Debugging Mill Caching Issues

To dig into how Mill’s execution caching, you can look at the following files:

  • mill-profile.json: this file is generated during every Mill evaluation, and contains a "cached": boolean flag for each task indicating whether or not that task was cached.

  • mill-invalidation-tree.json: this file groups together the un-cached files in a tree structure according to their task dependencies. It is useful to find the "root" uncached tasks, which are the cause of downstream tasks having their caches invalidated.

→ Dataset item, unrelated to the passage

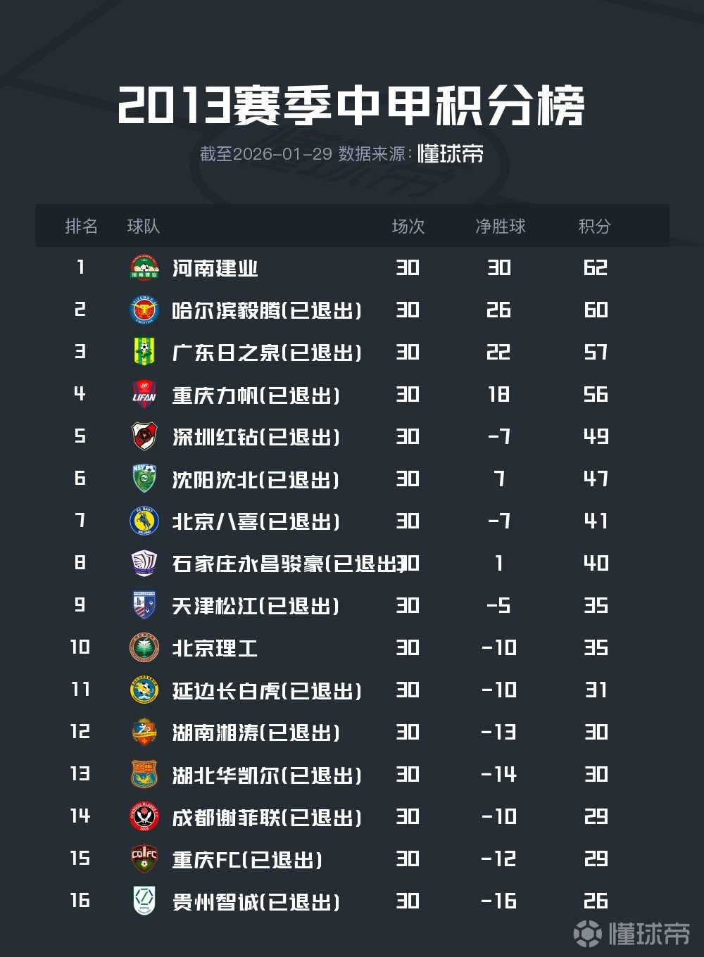 2013年參加中甲的所有球隊(duì)里,現(xiàn)存球隊(duì)僅剩河南建業(yè)(河南)和北京理工,其中河南今年被扣6分并罰款60萬元,北京理工未受到處罰。

  • methodCodeHashSignatures spanningInvalidationTree: this file contains information about tasks whose caches were invalidated due to code changes in the build.mill or package.mill files, and again shows a tree of invalidated method signatures organized into a tree using their call graph dependenceis. This is most useful to figure out why a code change in your .mill files ended up changing some task’s code signature, causing it to miss the cache and be re-computed

Consequences of Caching in Mill

This approach to caching does assume a certain programming style inside your Mill build:

  • Mill may-or-may-not instantiate the modules in your build.mill the first time you run something (due to laziness)

  • Mill may-or-may-not re-instantiate the modules in your build.mill in subsequent runs (due to caching)

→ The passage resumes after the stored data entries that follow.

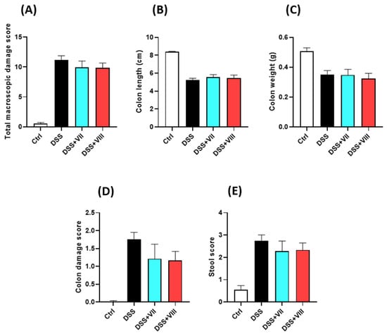 The effect of the peptides on colonic inflammation in DSS-induced mouse model of colitis: total macroscopic damage score (A), colon length (B), colon weight (C), colon damage score (D), and stool score (E) for control, DSS-only treated mice, and mice with DSS-induced colitis treated with 1 mg/kg peptide VII or peptide VIII twice daily. Data represent mean ± SEM of n = 5–10 animals per group.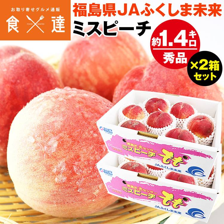 桃 福島県産 ミスピーチ 品種厳選 2箱セット 約2.8kg 10~14玉 (1箱 約1.4kg 5~7玉) 贈答用 冷蔵便 同梱不可 指定日不可 モモ もも あかつき 白鳳 川中島白桃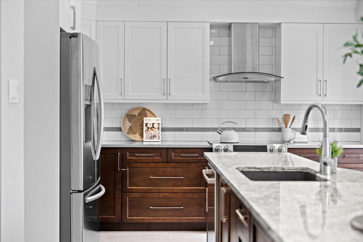 • Impressive chef's kitchen with high-end appliances and quartz countertops.

  • Mill may-or-may-not re-execute any particular task depending on caching, but your code needs to work either way.

  • Execution of any task may-or-may-not happen in parallel with other unrelated tasks, and may happen in arbitrary order

Your build code code needs to work regardless of which order they are executed in. However, for code written in a typical Scala style (which tends to avoid side effects), and limits filesystem operations to the Task.dest folder, this is not a problem at all.

One thing to note is for code that runs during Resolution: any reading of external mutable state needs to be wrapped in an interp.watchValue{…​} wrapper. This ensures that Mill knows where these external reads are, so that it can check if their value changed and if so re-instantiate RootModule with the new value.